> **WORK REQUEST**: Beginning with the line that contains "Рис. 3.1. Пример", retype the entries below exactly, ending with the line that contains "主入口的中式门庭,用扁平檐口". Leave out any pictures.

> **WORKING DATA**:
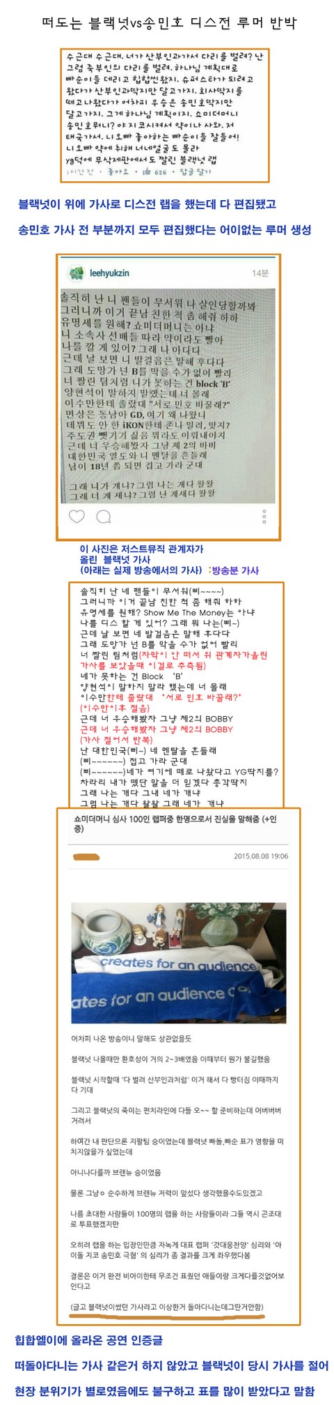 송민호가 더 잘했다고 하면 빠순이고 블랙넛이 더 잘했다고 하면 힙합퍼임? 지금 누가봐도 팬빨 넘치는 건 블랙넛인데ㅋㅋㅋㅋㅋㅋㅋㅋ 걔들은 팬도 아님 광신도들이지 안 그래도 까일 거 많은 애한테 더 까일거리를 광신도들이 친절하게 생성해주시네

==

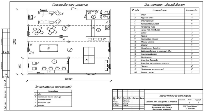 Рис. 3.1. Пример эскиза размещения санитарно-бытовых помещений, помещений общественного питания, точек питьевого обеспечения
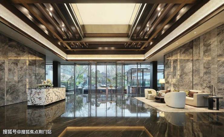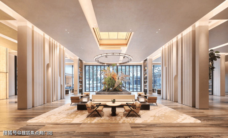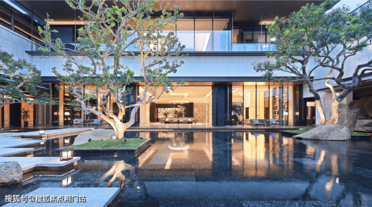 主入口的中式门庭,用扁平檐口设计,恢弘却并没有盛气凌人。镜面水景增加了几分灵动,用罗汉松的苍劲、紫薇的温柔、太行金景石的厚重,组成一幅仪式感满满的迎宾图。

> **PROBLEM SOLUTION**:
 Рис. 3.1. Пример эскиза размещения санитарно-бытовых помещений, помещений общественного питания, точек питьевого обеспечения
 主入口的中式门庭,用扁平檐口设计,恢弘却并没有盛气凌人。镜面水景增加了几分灵动,用罗汉松的苍劲、紫薇的温柔、太行金景石的厚重,组成一幅仪式感满满的迎宾图。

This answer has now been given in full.